La sua opera più celebre è il Decameron, raccolta di novelle che nei secoli successivi fu elemento determinante per la tradizione letteraria italiana, soprattutto dopo che nel XVI secolo Pietro Bembo elevò lo stile boccacciano a modello della prosa italiana. L'influenza delle opere di Boccaccio non si limitò al panorama culturale italiano ma si estese al resto dell'Europa, esercitando influsso su autori come Geoffrey Chaucer, figura chiave della letteratura inglese, o più tardi su Miguel de Cervantes, Lope de Vega e il teatro classico spagnolo.
Boccaccio, insieme a Dante Alighieri e Francesco Petrarca, fa parte delle cosiddette «Tre corone» della letteratura italiana. È inoltre ricordato per essere uno dei precursori dell'umanesimo, del quale contribuì a gettare le basi presso la città di Firenze, in concomitanza con l'attività del suo contemporaneo amico e maestro Petrarca.

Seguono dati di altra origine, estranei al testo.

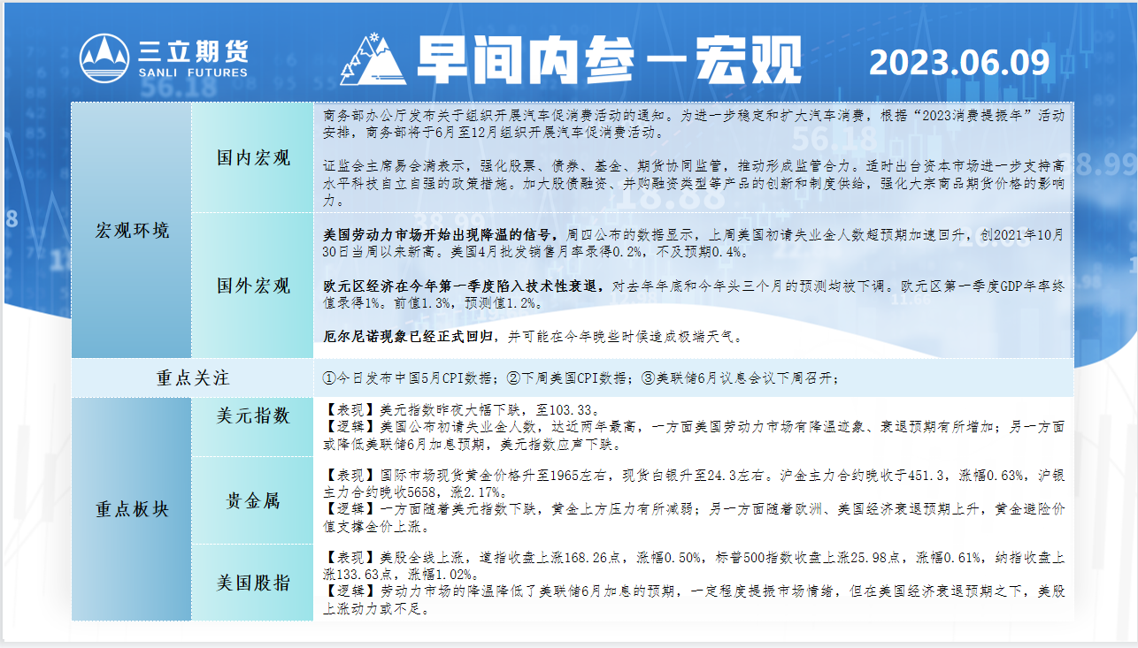 6月9日财经早餐:美国初请失业金人数增幅超预期,金价攀升,市场聚焦美联储决议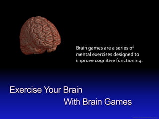 Brain games are mental exercises aimed at enhancing cognitive functioning and represent a significant industry. While studies suggest improvements in areas like processing speed and reasoning among older adults, physical exercise may offer greater cognitive benefits than brain training alone. The document discusses various studies and findings related to the effectiveness of brain games and cognitive training.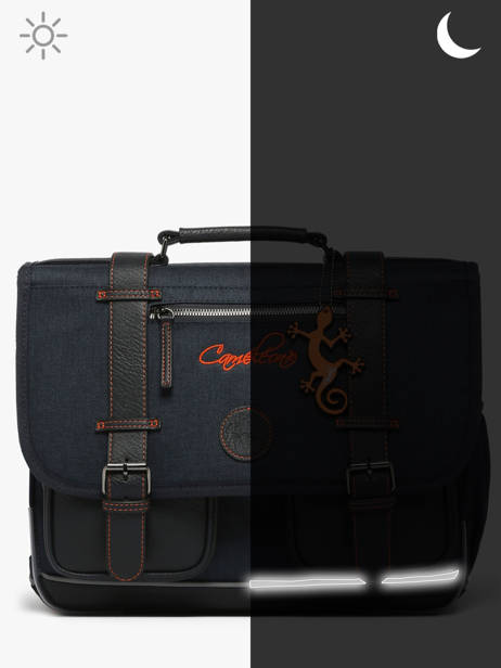 35 cm - 12 litres - 1 kg ~ Cartable enfant cp 35cm de la ligne Vintage Urban signé Caméléon, parfait pour le CP et la maternelle ! Il dispose de deux compartiments séparés par une poche centrale zippée. Vous pourrez y ranger les cahiers formats 21x29,7 et 24x32cm. Ce cartable 35 cm est doté d'un emplacement spécial règle et d'un emplacement pour la gourde. Il se ferme à l'aide d'un rabat et de deux fermoirs, et possède deux petites poches à fermeture éclair sur le devant, pratique pour le goûter. Petit plus, le cartable dispose d'une étiquette nom. Très confortable, le dos et les bretelles sont rembourrés. Pour ne pas abîmer les affaires d'école, le fond du cartable est renforcé. Côté sécurité, des bandes réfléchissantes sont disposées autour du sac. Petit plus, la règle Caméléon est offerte ! Fabriqué en polyester recyclé imperméable.
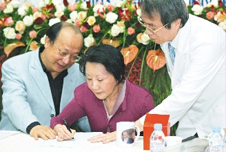 中新网11月18日电 据台湾《联合报》报道,台中市长胡志强的夫人邵晓铃昨天出院,她感谢所有人,并写“Thank you”感谢医师。主治医师郑隆宾说,邵晓铃大脑受伤,掌管语言、空间与动作的区域受损,连提笔都困难,笔划更是挤成一团,字体左右相反,单是名字就学了两个多月。

Fu anche colui che diede inizio alla critica e filologia dantesca: Boccaccio si dedicò a ricopiare codici della Divina Commedia e fu anche un promotore dell'opera e della figura di Dante.
Il Decamerón o Decamerone, è una raccolta di cento novelle scritta da Giovanni Boccaccio nel XIV secolo, probabilmente tra il 1349 e il 1351/53 .

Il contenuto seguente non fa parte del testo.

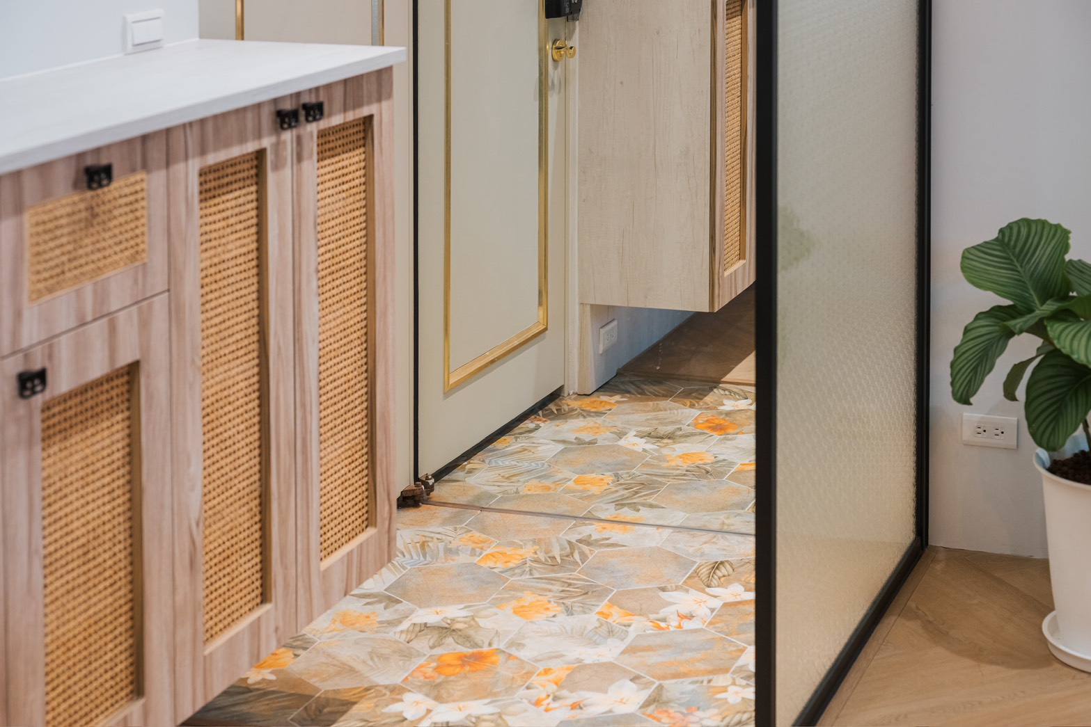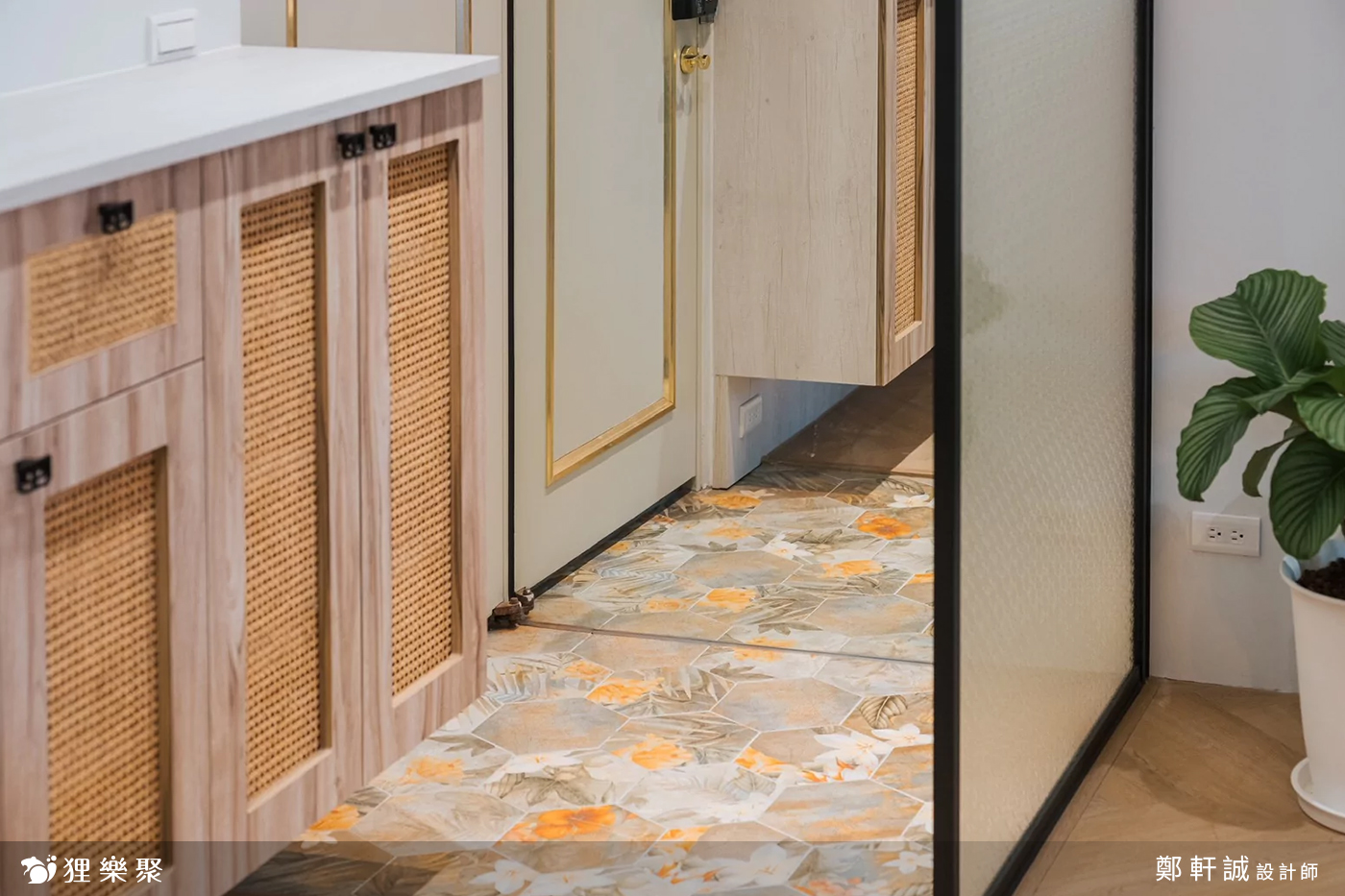 一進門,玄關落塵區的六角花磚映入眼簾,訂製手工藤編門板系統櫃,兼具收納與美觀。進口花磚散發淡淡復古氣息,襯上復古海棠花鋁框玻璃屏風,營造出帶有儀式感的迎賓動線。廚房採用全白五面結晶鋼烤廚具設計,簡潔俐落的線條與高質感材質,與整體復古鄉村風形成美麗對比,讓烹飪成為享受生活的一部分。餐廳選用蘋果綠的跳色牆面,搭配木質餐桌餐椅與花型燈具,流淌出鄉村風的溫暖氛圍,不論用餐、工作或夜晚小酌都非常適合。

È considerata una delle opere più importanti della letteratura del Trecento europeo, durante il quale esercitò una vasta influenza sulle opere di altri autori, oltre che la capostipite della letteratura in prosa in volgare italiano. Boccaccio nel Decameron raffigura l'intera società del tempo, integrando l'ideale di vita aristocratico, basato sull'amor cortese, la magnanimità, la liberalità, con i valori della mercatura: l'intelligenza, l'intraprendenza, l'astuzia.

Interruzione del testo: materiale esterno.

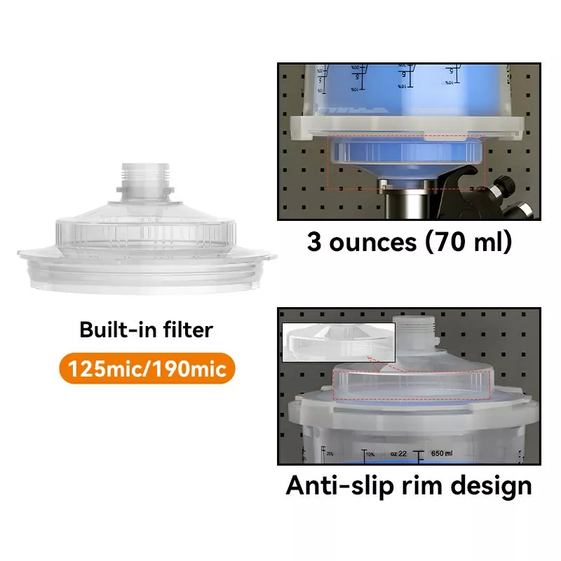 - يتميز غطاء كوب الرش القابل للتصرف AYS3.1 ببنية مزدوجة الطبقة تحمل ما يصل إلى 3 أونصات (70 مل) من الطلاء أسفل الفلتر. يعمل الغطاء على تحسين تدفق الطلاء واتساقه، مما يقلل من تناثر الطلاء.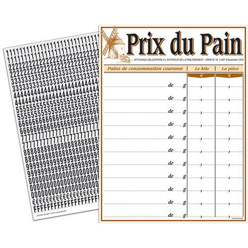 | Intitulé du produit | Pancarte prix du pain_Matfer, Type: Pancarte, Hauteur: 40 cm, Emballage recyclable: Oui - 100 % |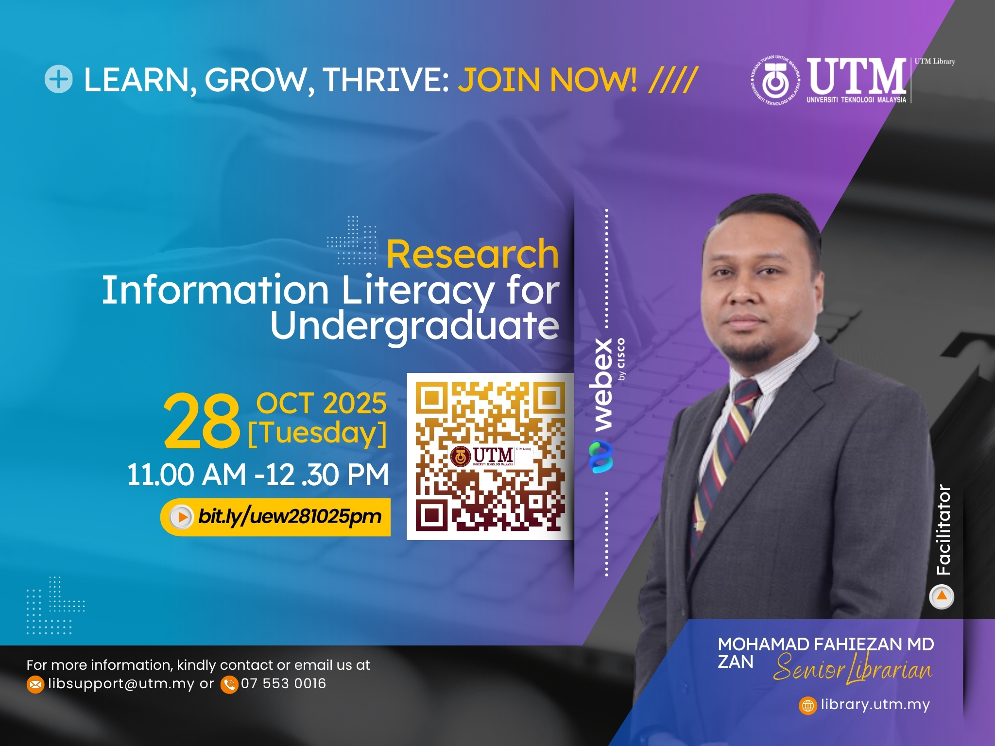 For more details, please visit the UTM Library website or contact the User Education Program coordinator at [PSZJB – Haliza Zainal, haliza@utm.my; PSZKL – Noor Ayesha Mohd Ezanee, ayesha.kl@utm.my].

Il libro narra di un gruppo di giovani, sette donne e tre uomini, che per dieci giorni si trattengono fuori da Firenze per sfuggire alla peste nera che in quel periodo imperversava nella città, e che a turno si raccontano delle novelle di taglio spesso umoristico e con frequenti richiami all'erotismo bucolico del tempo. Per quest'ultimo aspetto, il libro fu tacciato di immoralità o di scandalo, e fu in molte epoche censurato o comunque non adeguatamente considerato nella storia della letteratura. Il Decameron fu anche ripreso in versione cinematografica da diversi registi, tra cui Pier Paolo Pasolini e i fratelli Taviani.